--- START ---

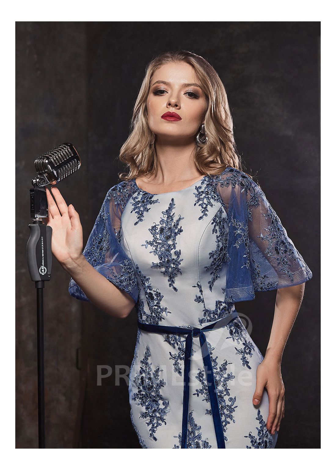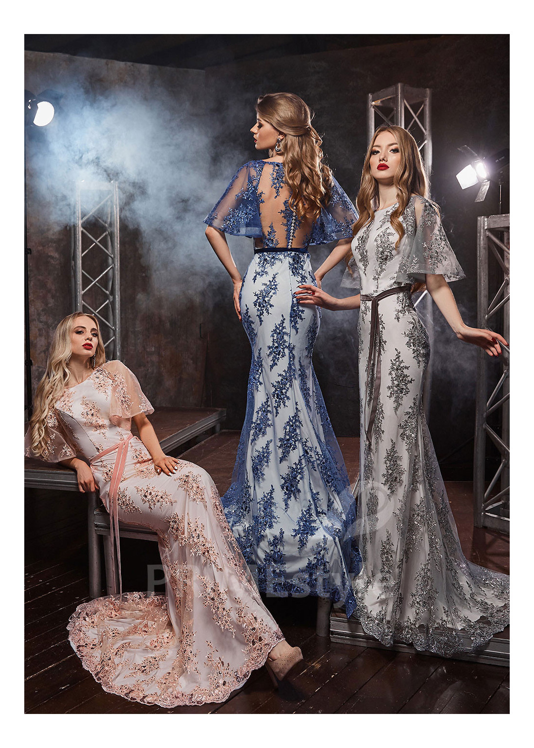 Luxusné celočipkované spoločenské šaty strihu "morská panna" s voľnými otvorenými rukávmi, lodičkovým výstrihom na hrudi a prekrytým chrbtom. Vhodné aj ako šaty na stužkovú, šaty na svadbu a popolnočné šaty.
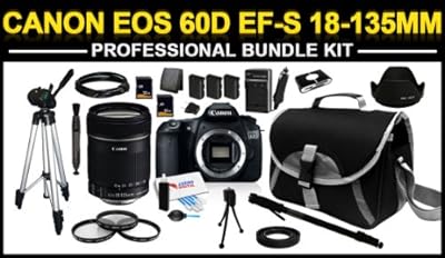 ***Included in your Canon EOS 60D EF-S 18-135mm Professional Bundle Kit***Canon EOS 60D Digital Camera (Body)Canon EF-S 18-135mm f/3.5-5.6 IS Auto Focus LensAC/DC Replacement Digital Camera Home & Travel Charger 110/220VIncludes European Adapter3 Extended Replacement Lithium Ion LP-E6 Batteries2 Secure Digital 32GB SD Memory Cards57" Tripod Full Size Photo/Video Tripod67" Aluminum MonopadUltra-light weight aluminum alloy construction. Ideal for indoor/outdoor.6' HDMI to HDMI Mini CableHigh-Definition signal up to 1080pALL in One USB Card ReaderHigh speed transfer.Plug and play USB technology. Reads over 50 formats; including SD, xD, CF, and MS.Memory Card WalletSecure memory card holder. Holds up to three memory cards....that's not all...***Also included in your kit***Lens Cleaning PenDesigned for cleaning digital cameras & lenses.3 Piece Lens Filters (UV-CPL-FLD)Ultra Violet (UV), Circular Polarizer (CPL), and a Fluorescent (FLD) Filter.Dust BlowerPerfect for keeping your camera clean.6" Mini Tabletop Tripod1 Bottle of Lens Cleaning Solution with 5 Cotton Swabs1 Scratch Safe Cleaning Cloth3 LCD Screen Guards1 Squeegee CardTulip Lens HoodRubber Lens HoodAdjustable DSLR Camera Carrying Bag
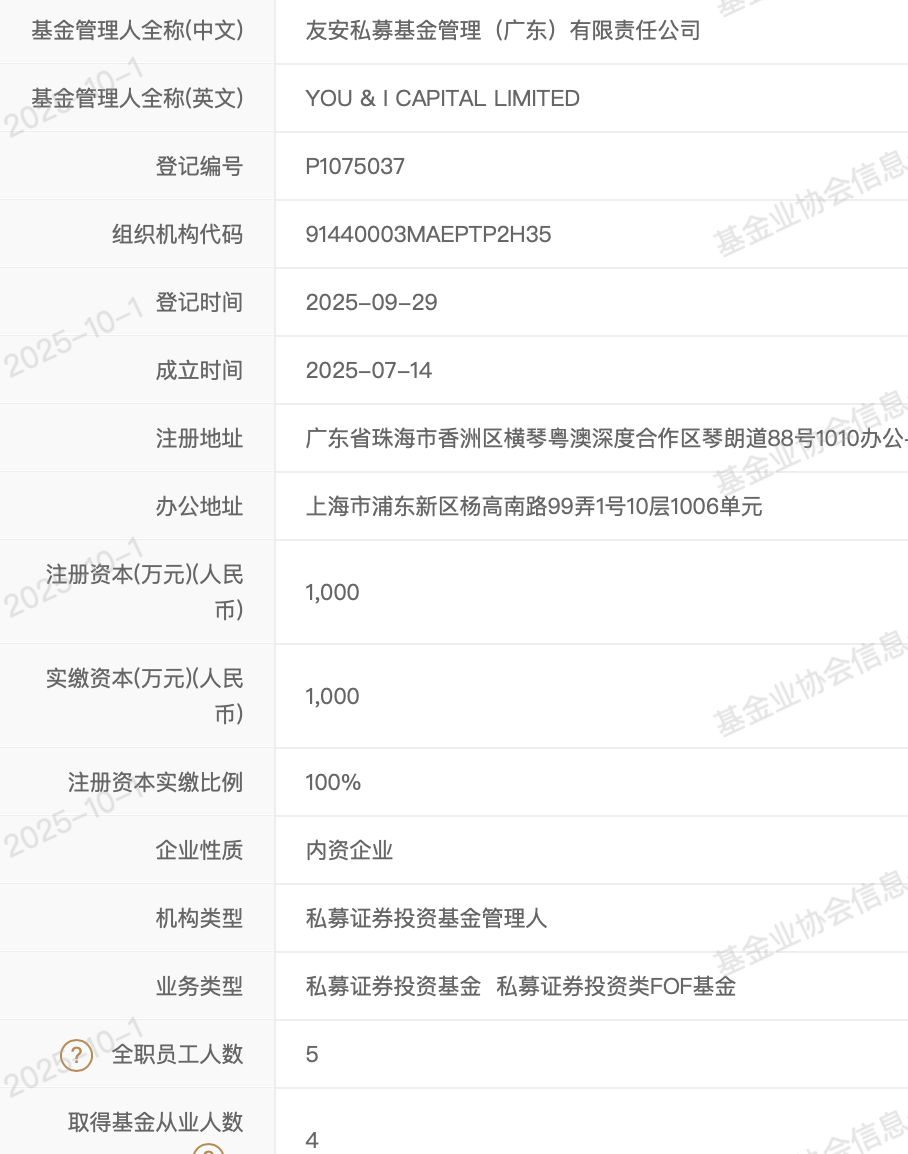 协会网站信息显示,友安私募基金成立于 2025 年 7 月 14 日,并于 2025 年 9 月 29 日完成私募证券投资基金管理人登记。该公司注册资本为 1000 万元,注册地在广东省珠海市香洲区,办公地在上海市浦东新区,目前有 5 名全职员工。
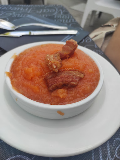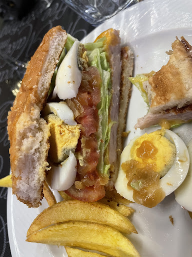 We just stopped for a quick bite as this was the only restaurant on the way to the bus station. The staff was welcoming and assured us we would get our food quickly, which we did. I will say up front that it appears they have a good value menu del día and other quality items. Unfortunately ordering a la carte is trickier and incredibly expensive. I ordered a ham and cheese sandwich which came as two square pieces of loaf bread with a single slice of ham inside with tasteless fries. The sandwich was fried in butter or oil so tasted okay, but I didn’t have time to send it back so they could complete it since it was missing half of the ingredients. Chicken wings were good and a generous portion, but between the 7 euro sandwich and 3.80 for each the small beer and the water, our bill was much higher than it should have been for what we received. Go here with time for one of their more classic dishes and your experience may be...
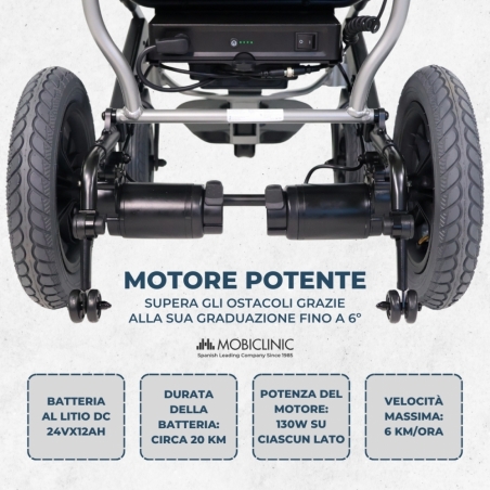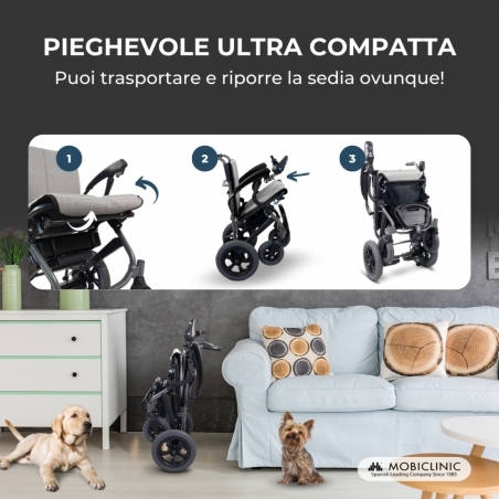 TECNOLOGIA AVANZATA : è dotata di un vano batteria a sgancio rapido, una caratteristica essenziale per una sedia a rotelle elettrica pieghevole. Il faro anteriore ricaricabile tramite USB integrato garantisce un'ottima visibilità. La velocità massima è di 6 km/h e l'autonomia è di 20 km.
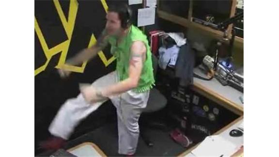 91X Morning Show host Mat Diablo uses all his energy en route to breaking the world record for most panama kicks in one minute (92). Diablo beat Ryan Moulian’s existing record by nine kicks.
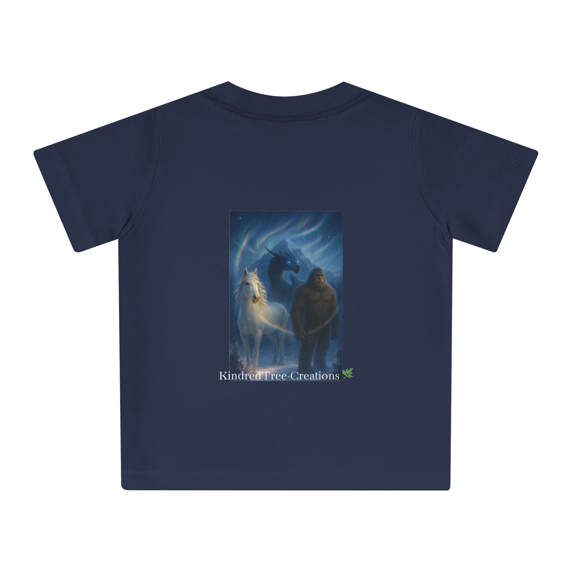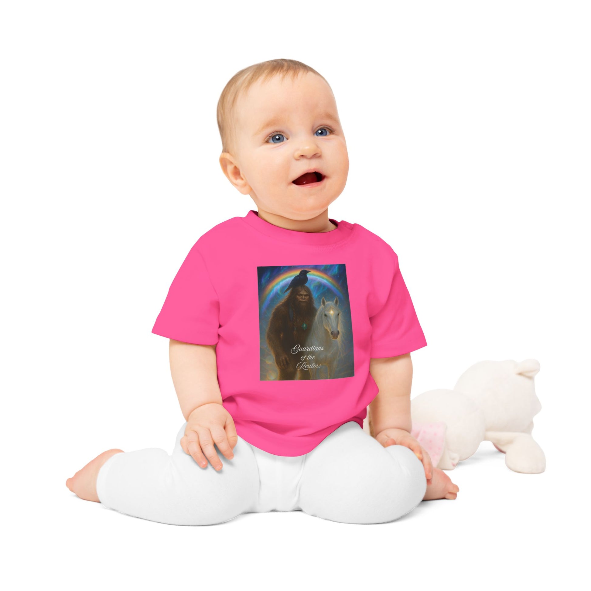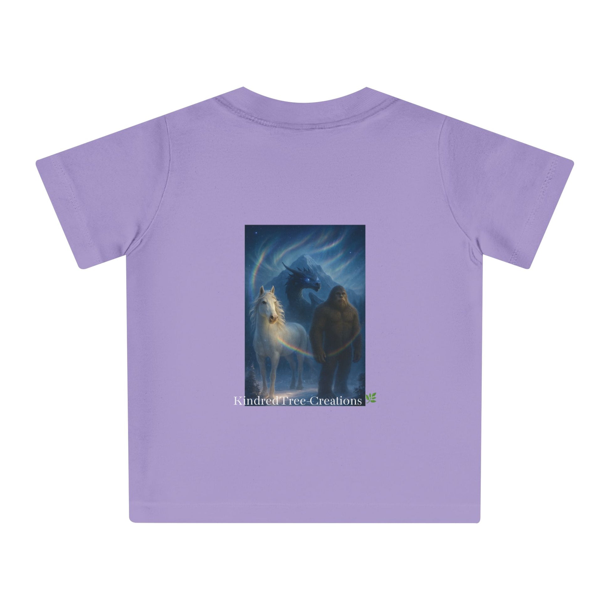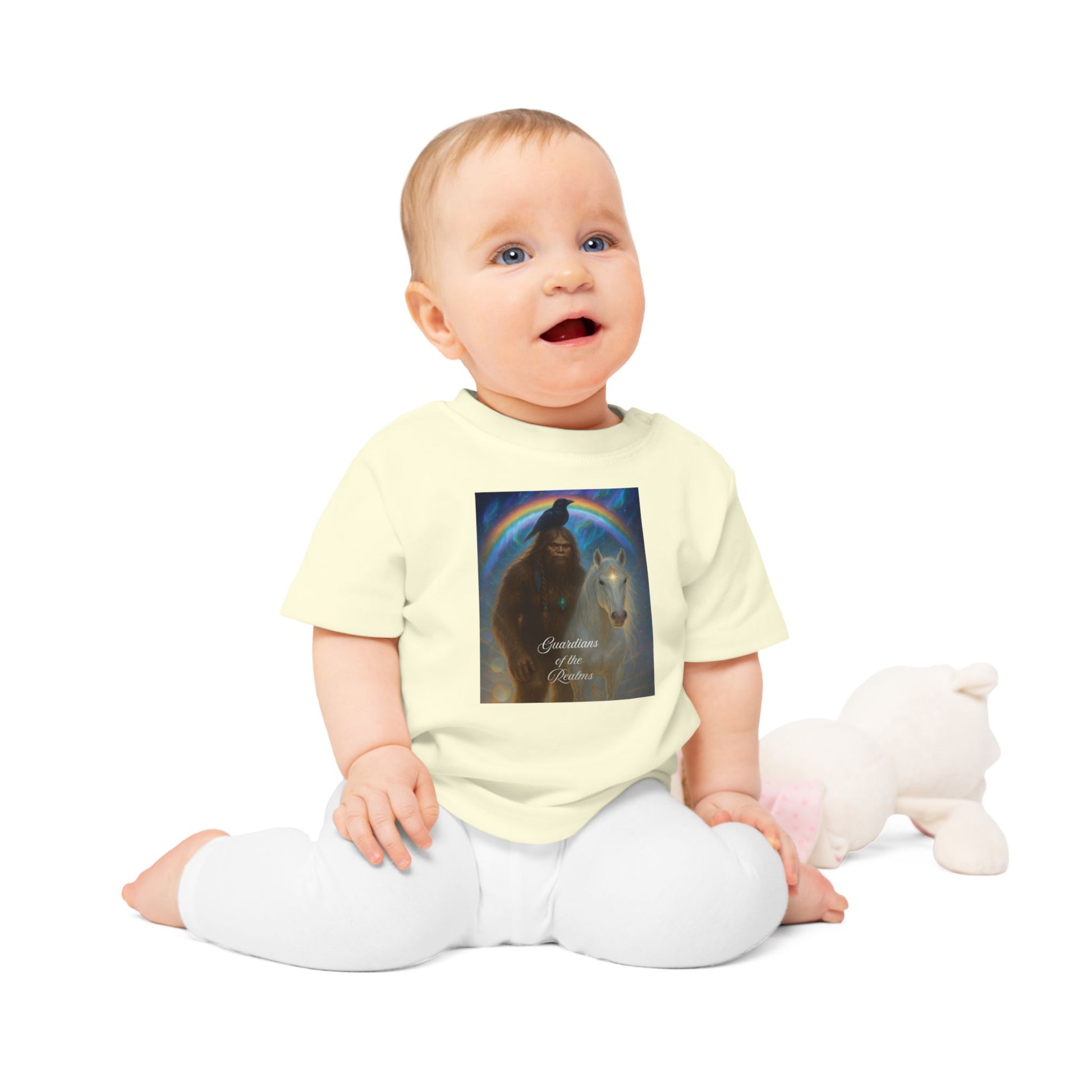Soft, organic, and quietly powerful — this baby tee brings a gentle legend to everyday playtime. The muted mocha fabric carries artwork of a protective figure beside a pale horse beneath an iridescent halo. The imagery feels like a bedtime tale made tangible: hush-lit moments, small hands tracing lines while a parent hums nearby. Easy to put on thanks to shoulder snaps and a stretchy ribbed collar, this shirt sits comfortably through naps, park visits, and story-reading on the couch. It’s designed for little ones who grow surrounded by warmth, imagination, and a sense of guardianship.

--- END ---

Where a picture appears in the records above, omit it, and transcribe exactly the stretch of lines from the one with "TECNOLOGIA AVANZATA : è" through the one with "91X Morning Show".

## EXERCISE RESULT:
 TECNOLOGIA AVANZATA : è dotata di un vano batteria a sgancio rapido, una caratteristica essenziale per una sedia a rotelle elettrica pieghevole. Il faro anteriore ricaricabile tramite USB integrato garantisce un'ottima visibilità. La velocità massima è di 6 km/h e l'autonomia è di 20 km.
 91X Morning Show host Mat Diablo uses all his energy en route to breaking the world record for most panama kicks in one minute (92). Diablo beat Ryan Moulian’s existing record by nine kicks.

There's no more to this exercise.